At the beginning of the movie, a train is seen that consists of double stack container cars. The movie is set in the early 1960’s but double stack containers were not introduced until 1984.


Dianna got engaged a week and a half before she started filming “Novitiate”, and said she found it really interesting to play a character that was currently at such a different place in her life from what she was in her real life.

Filming & Box Office

Filming Locations:
– Scarritt Bennett Center, Nashville, Tennessee, USA
(The convent of the Order of the Sisters of Blessed Rose)

– Former Robertson County Schools Central Office, 2121 Woodland Street, Springfield, Tennessee, USA
(Our Lady of Blessed Sorrows School)

– Nashville, Tennessee, USA

Filming Dates:
January 2016

Box Office:
Opening Weekend USA: $22,724, 29 October 2017, Limited Release
Gross USA: $580,346, 11 February 2018

Reception & Reviews

On review aggregator Rotten Tomatoes, the film has a score of 88% based on 88 reviews, and an average rating of 7.3/10. The website’s consensus reads, “Led by a gripping performance from Melissa Leo, Novitiate grapples uncompromisingly – and ultimately compellingly – with questions of faith and feminism.” On Metacritic, it has an average score of 73/100 based on 30 critics, indicating “generally favorable reviews.”

After the Sundance screening, Variety said: “Cathleen’s dedication to convent life wavers, however, as other girls are removed from the group for reasons that have little to do with their fundamental faith. By the time one of their instructors, the kindly, forward-thinking Sister Mary Grace (a precise, poignant turn from “Glee” alum Dianna Agron) abruptly leaves the Roses, it’s clear that something is amiss in the administration of the Reverend Mother — who can’t maintain her stubborn denial of directives from the Vatican for much longer. As her resistance attracts the attention of the Archbishop, “Novitiate” expands from a very particular coming-of-age story into a fascinating war of ideals between opposing factions and generations of Catholicism — one that bears (and more than survives) comparison to John Patrick Shanley’s 1964-set “Doubt,” in which the rulings of Vatican II also upended a conservative convent’s power structure.”

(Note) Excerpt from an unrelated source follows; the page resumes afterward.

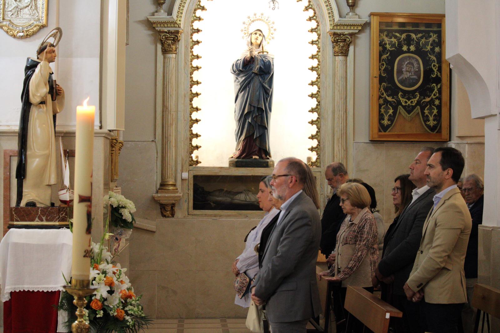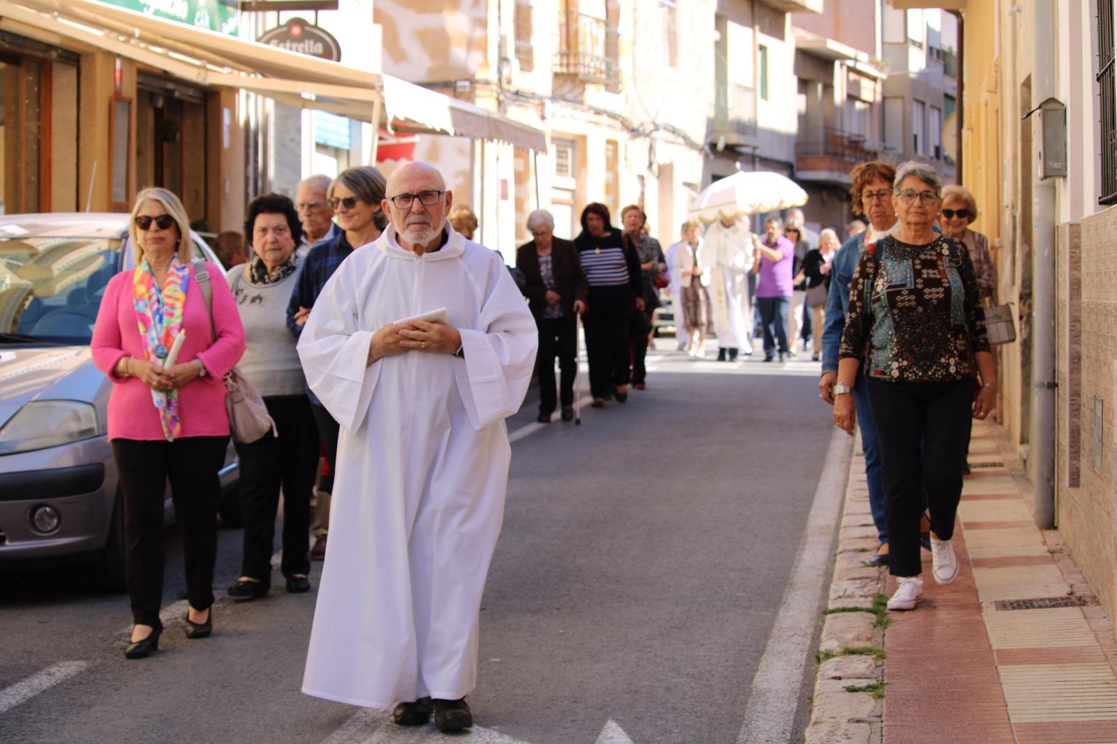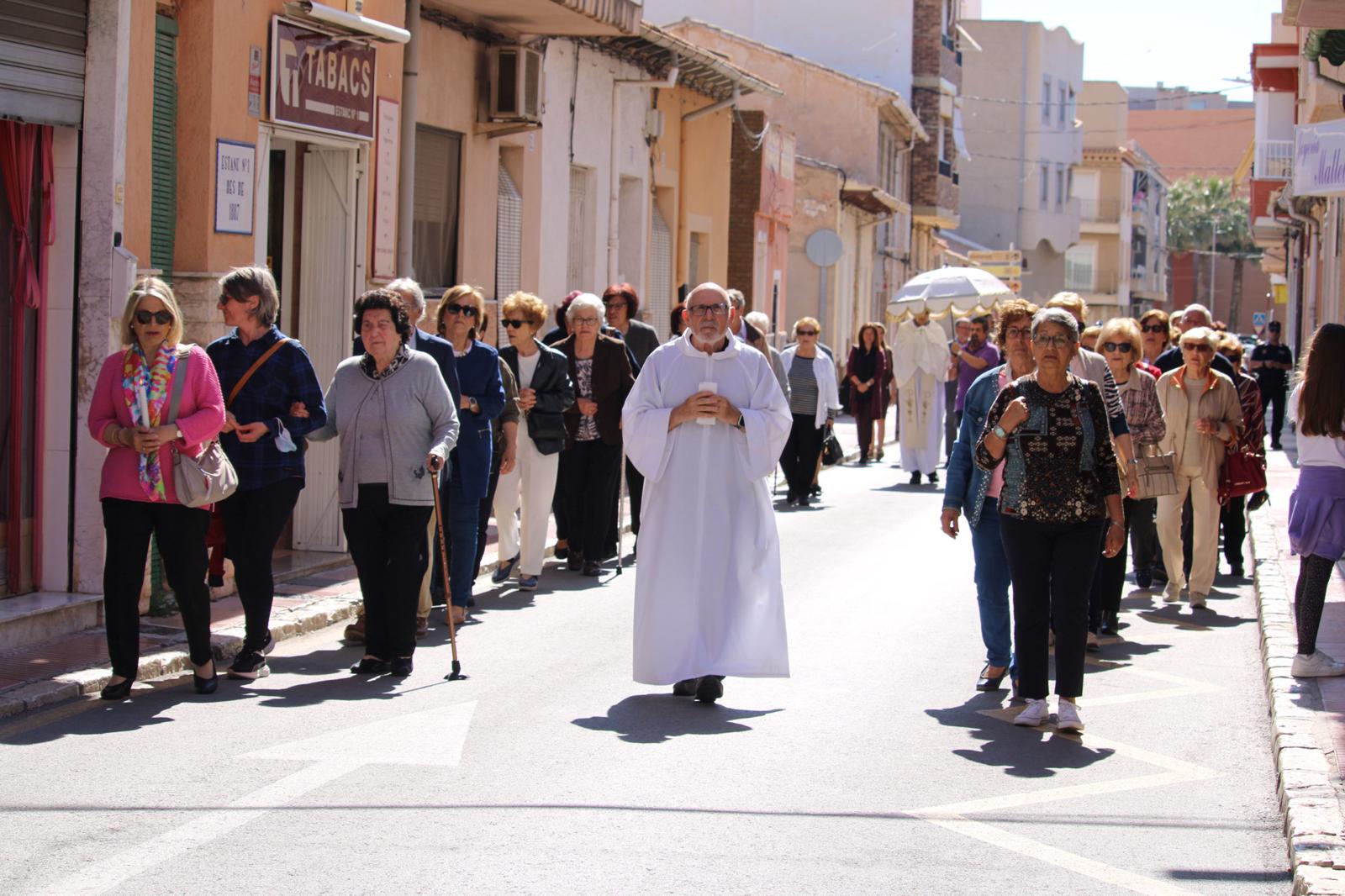 La Misa, muy concurrida, ha sido oficiada por el párroco Pedro Juárez. Entre los fieles estaban el alcalde, Juanjo Berenguer, y los concejales Lourdes Llopis, Marisa Navarro, Rafa Galvañ, Dorian Gomis, Maricarmen Alemañ y María Jesús Bernabeu, que han participado también en la procesión.

The Hollywood Reporter followed with another good review on the film: “Who could ever imagine that a film about nuns struggling to come to terms with the Second Vatican Council (aka Vatican II) might be sexy? But that’s exactly what Novitiate is, as well as being stylish, impressively performed and intellectually ambitious as it explores convent life in the early 1960s, capturing a specific historical moment when the Church underwent an irrevocable theological shift. Writer-director Maggie Betts’ feature debut is, forgive the pun, something of a revelation given her previous work — a documentary, The Carrier, about an African family dealing with AIDS and a short, Engram, that prominently featured clothes by Prabal Gurung — suggested no special interest in matters ecclesiastical. But this arresting work, starring Margaret Qualley, Julianne Nicholson and Melissa Leo as well as a celestial choir of up-and-coming young female actors, mesmerizes as it probes a uniquely female-dominated milieu where passions — both religious, sexual and a combination of the two — run hot under those starched, lily-white coifs and black habits.”

Dianna on the film

– “I didn’t know about the massive reforms in the Catholic Church, which is what we’re covering in this film. I grew up Jewish as well, so it really was a departure from the world of religion that I knew. Whether you’re very religious or not, faith isn’t dependent on going to an organized religion, going to a temple, church, mosque, etc. And I liked investigating what that was for my character.”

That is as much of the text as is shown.